Background: the Federal Trade Commission got a bug up ah, decided that some boilerplate, non-binding, non-enforceable language in the Music Teachers National Association (a small nonprofit out of Ohio) represented an attempt to jack up prices in the high-stakes, ruthlessly competitive world of piano lessons (average lesson, according to the WSJ: $30). Not having any friends in court – and no, I don’t think that I’ll strike that out, given that it’s brutally truthful – the MTNA simply surrendered to the tender mercies of the FTC. The result?
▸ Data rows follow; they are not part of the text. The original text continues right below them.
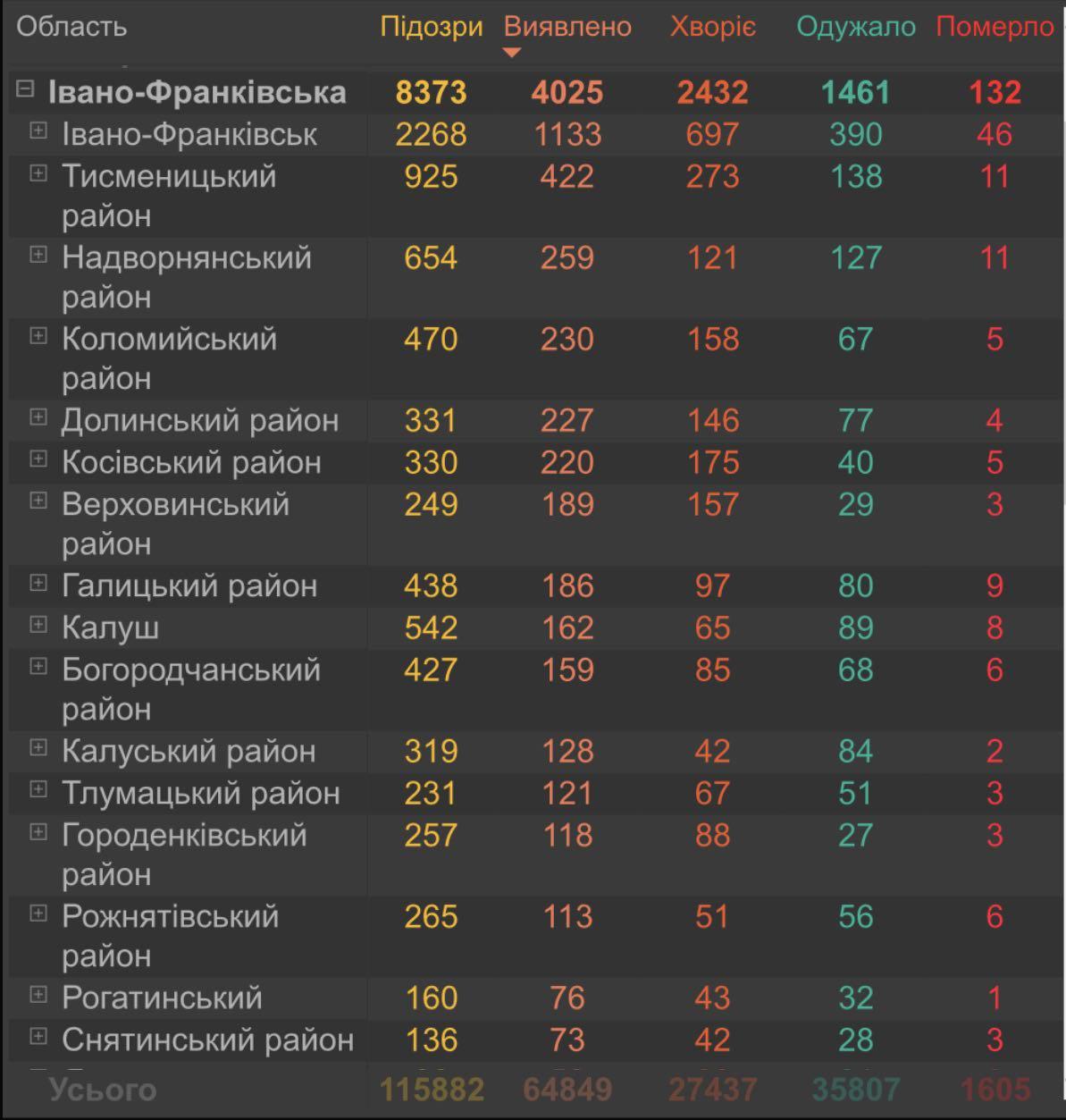 Наразі в області є 8 373 підозри на коронавірусну хворобу. Загалом хворіють 2 432 прикарпатці. Крім того, одужали 1 461 прикарпатці.
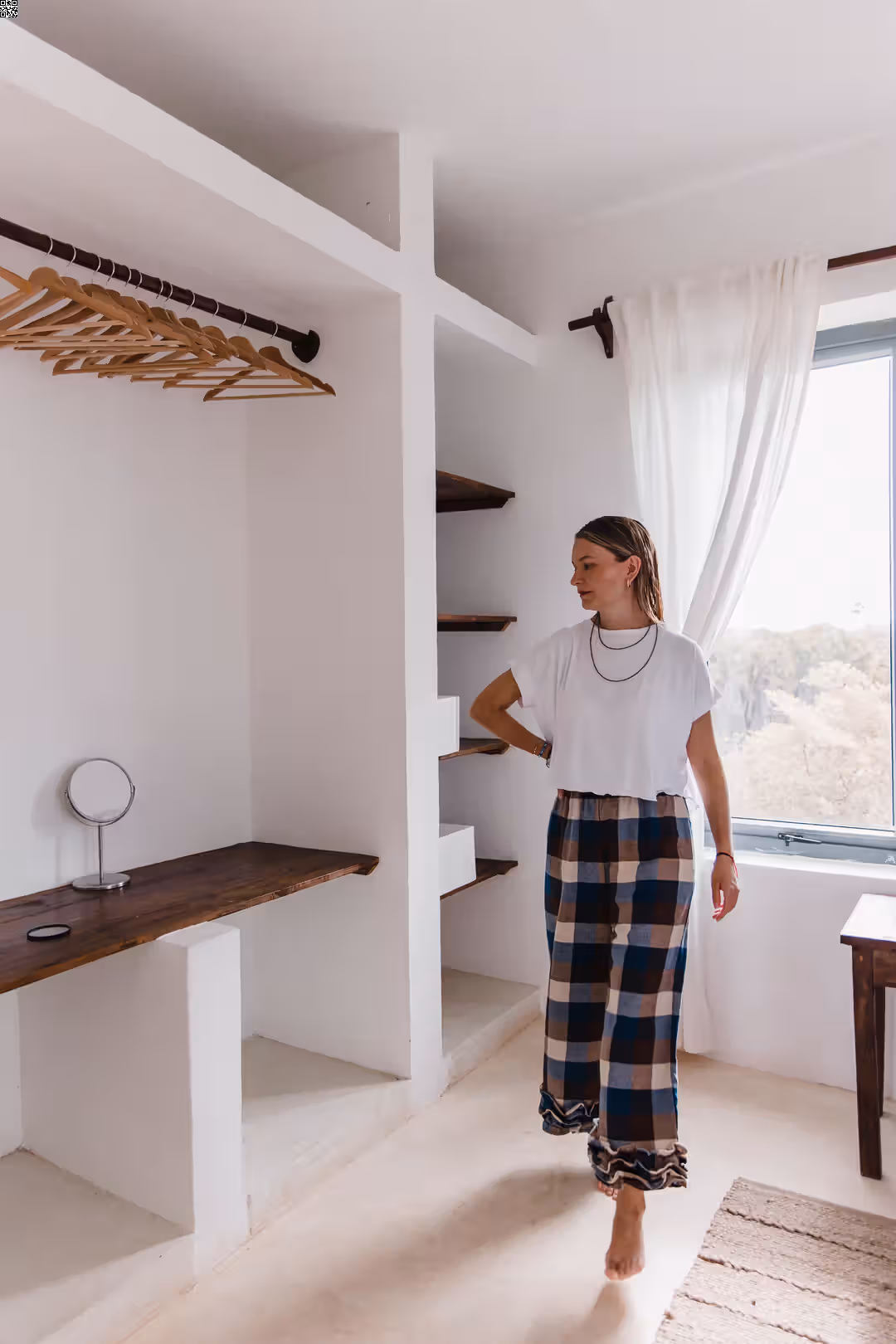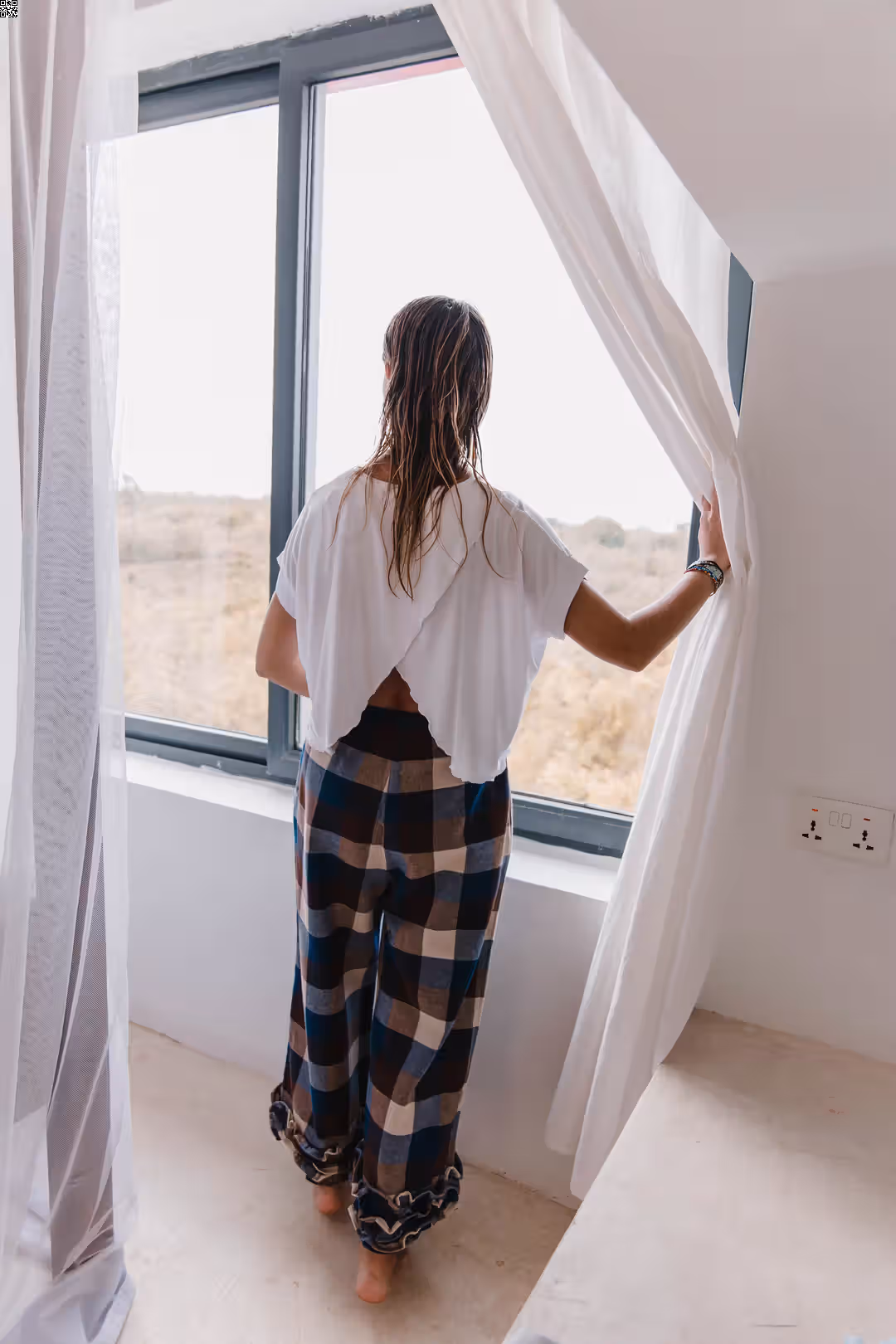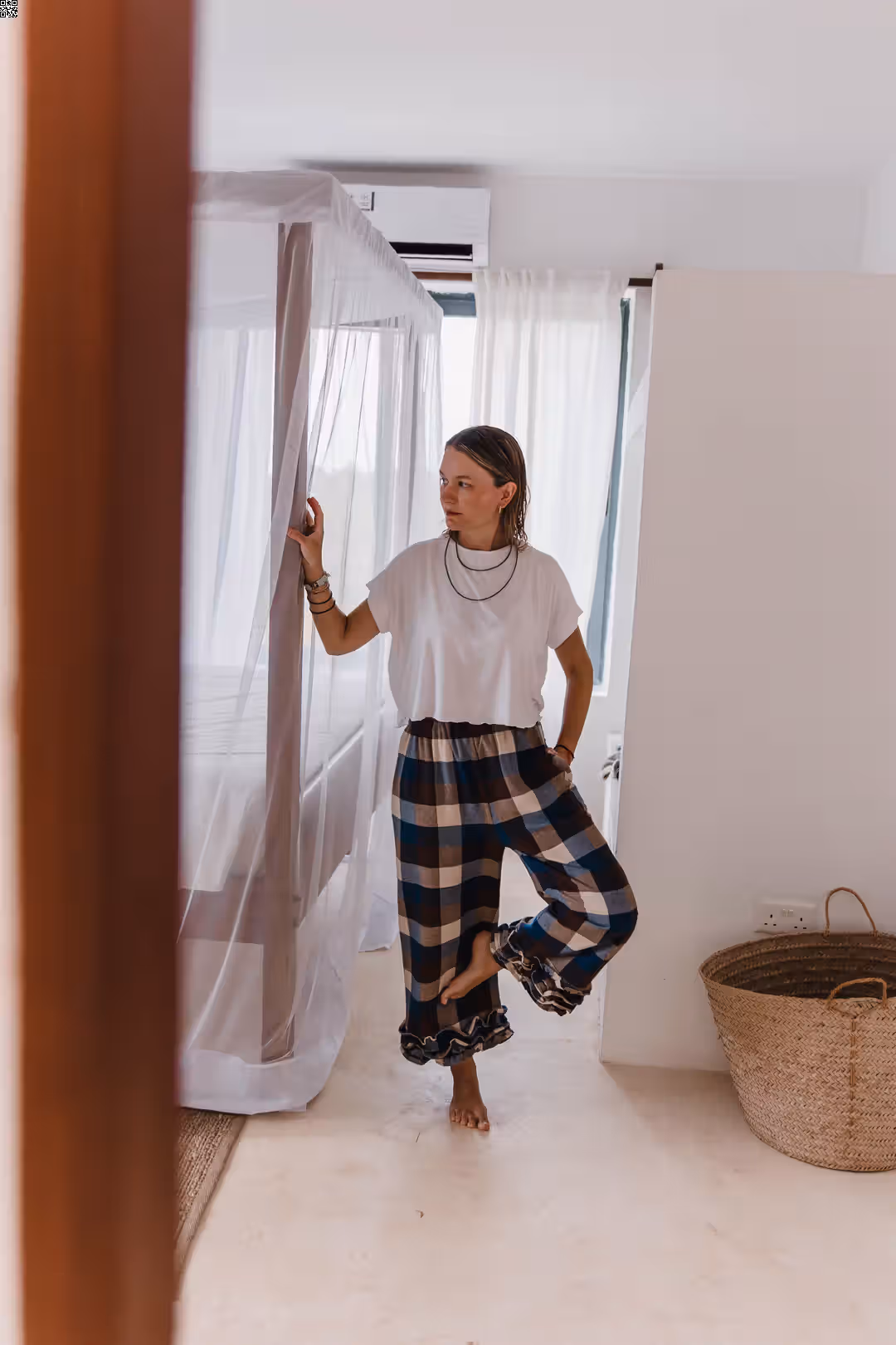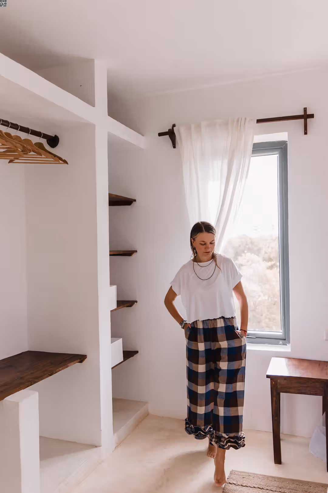 Te spodnie są o swobodzie. O tym, że nic nie uciska, nic nie ciągnie i wszystko układa się tak, jak powinno. Miękka gumka w pasie daje komfort od pierwszego założenia, kieszenie są dokładnie tam, gdzie ich potrzebujesz, a falbanka na dole dodaje lekkości i odrobiny ruchu przy każdym kroku. Dobrze odnajdują się w codziennych zestawach — z prostym t-shirtem, koszulą czy swetrem. Są wystarczająco luźne na co dzień, ale mają detal, który sprawia, że nie są oczywiste. To spodnie na dni, kiedy chcesz czuć się wygodnie, ale nadal „ubrana”.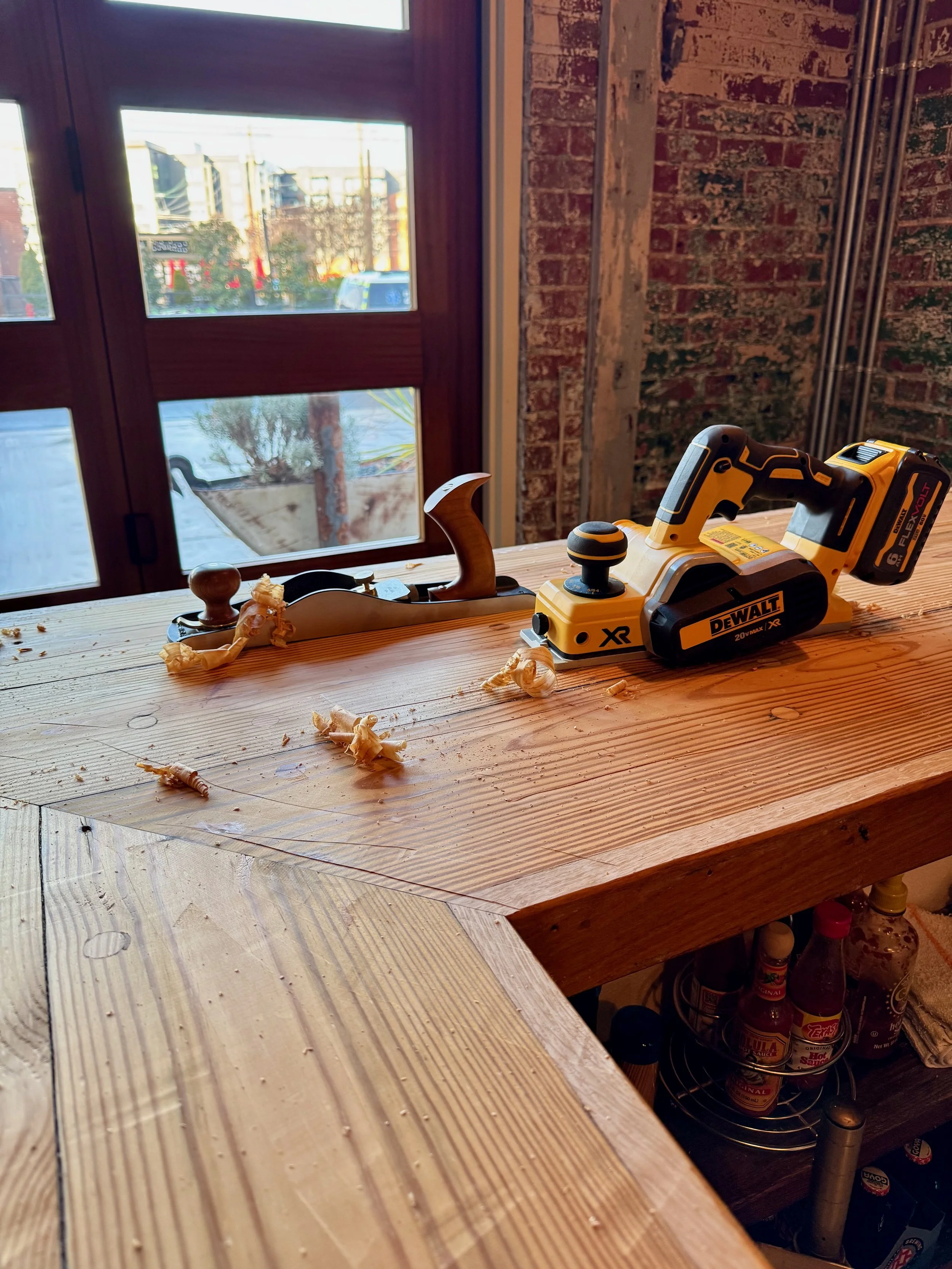 The sheer volume of the project — four small tables, one large table, two countertops, a long service counter, and the main bar — meant I had to be strategic. While my furniture builds often involve slow hand-tool work, this required a blend of traditional skill and modern efficiency.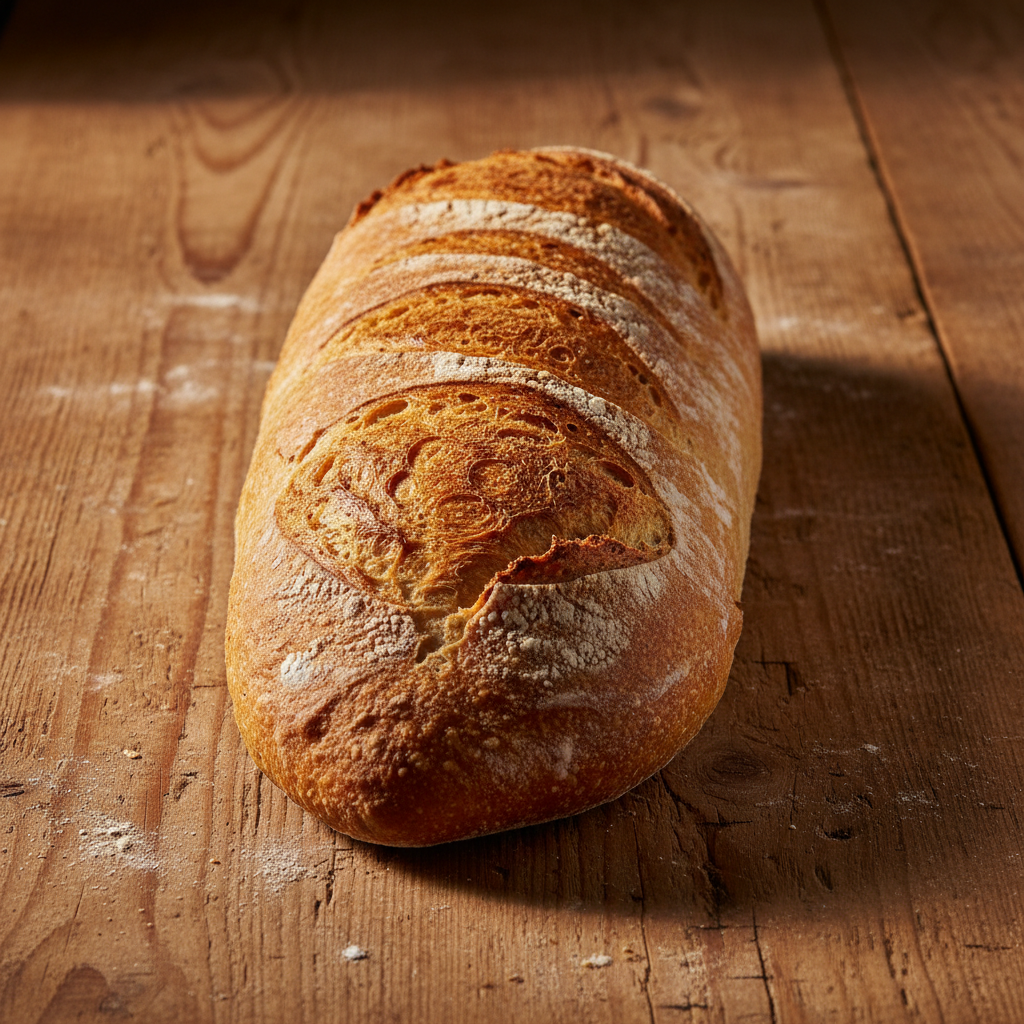 Freshly baked Italian bread with golden crust on rustic wooden board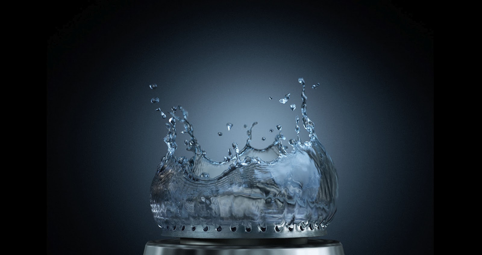 Description: A crown made of water on a table top with a black background and a reflection of the crown on the table.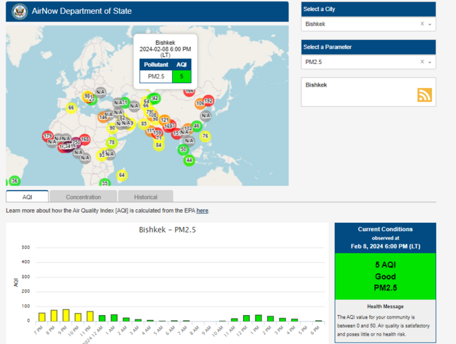 На территории посольства США в Кыргызстане также установлена станция. Каждый час информация обновляется. Индекс качества воздуха в районе дипломатической миссии «хороший» — 5 (AQI).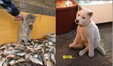 영혼이 빠져나간 고양이와 월요일을 맞은 강아지 게시물을 본 누리꾼들은 "생선 두고 끌려가야 하는 마음 완전 공감", "고양이 손 좀 놔주지", "이것이 바로 진정한 멘붕 표정~" 등의 반응을 보였다.(사진-온라인 커뮤니티)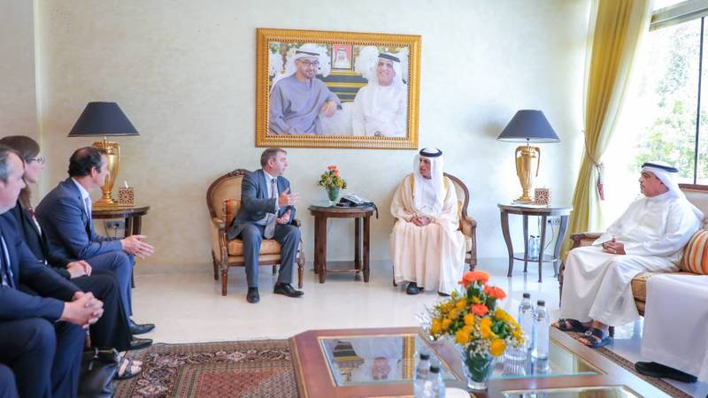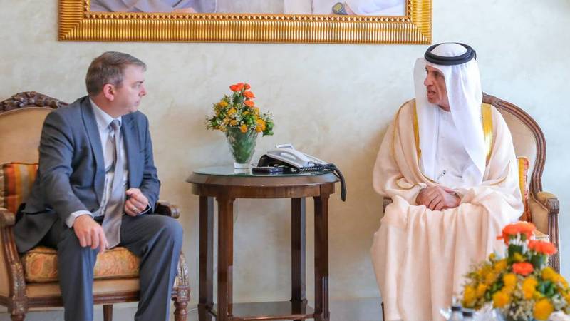 ورحب صاحب السمو حاكم رأس الخيمة، بالمبعوث التجاري والسفير، والوفد المرافق، متمنياً لهم التوفيق والنجاح في أداء مهام عملهم بما يسهم في تعزيز علاقات التعاون المتينة بين البلدين الصديقين على مختلف الصعد.

This October, MTNA signed a consent decree—its contents as ludicrous as the investigation. The association did not have to admit or deny guilt. It must, however, read a statement out loud at every future national MTNA event warning members against talking about prices or recruitment. It must send this statement to all 22,000 members and post it on its website. It must contact all of its 500-plus affiliates and get them to sign a compliance statement.The association must also develop a sweeping antitrust compliance program that will require annual training of its state presidents on the potential crimes of robber-baron piano teachers. It must submit regular reports to the FTC and appoint an antitrust compliance officer. (The FTC wanted the officer to be an attorney, but Mr. Ingle explained that this would “break the bank,” so the agency—how gracious—is allowing him to fill the post.) And it must comply with most of this for the next 20 years.The MTNA is not yet free of fear; the FTC has still to approve the consent decree. An FTC spokesman told me the agency does not confirm or deny the existence of investigations. The organization to this day has no idea how it became a target, nor will it ever because the FTC doesn’t have to provide it.
Ladies and gentlemen, I present to you: our federal bureaucracy. If you were to ask one hundred Democrats, picked at random, whether or not they intended their support for big government to result in a world where a bunch of unelected bureaucrats could go wilding on a Cincinnati music teachers’ nonprofit, probably about ninety or so would say “No.” The problem is, if you asked them if they ever did anything to make sure that said bureaucrats would not have an opportunity to go wilding on said nonprofit, even more of them would say “No.” Despite the fact that we’ve known for decades that bureaucracies creep, and government expands, and government officials like to exercise their power. Apparently, once the government bureau is set up, Heroic Civic Space Newts are supposed to pop out of the aether and make sure that only the BAD people get drowned in paperwork*. That this does not happen is never adequately addressed by liberals; or, indeed, ever addressed at all. Which is a shame; we might trust big government more if its most devoted adherents showed any sign of wanting to ensure that big government functioned properly.
Assuming that either they, or it, even could.
Moe Lane (crosspost)
*This is a remarkably obscure literary reference, even for me.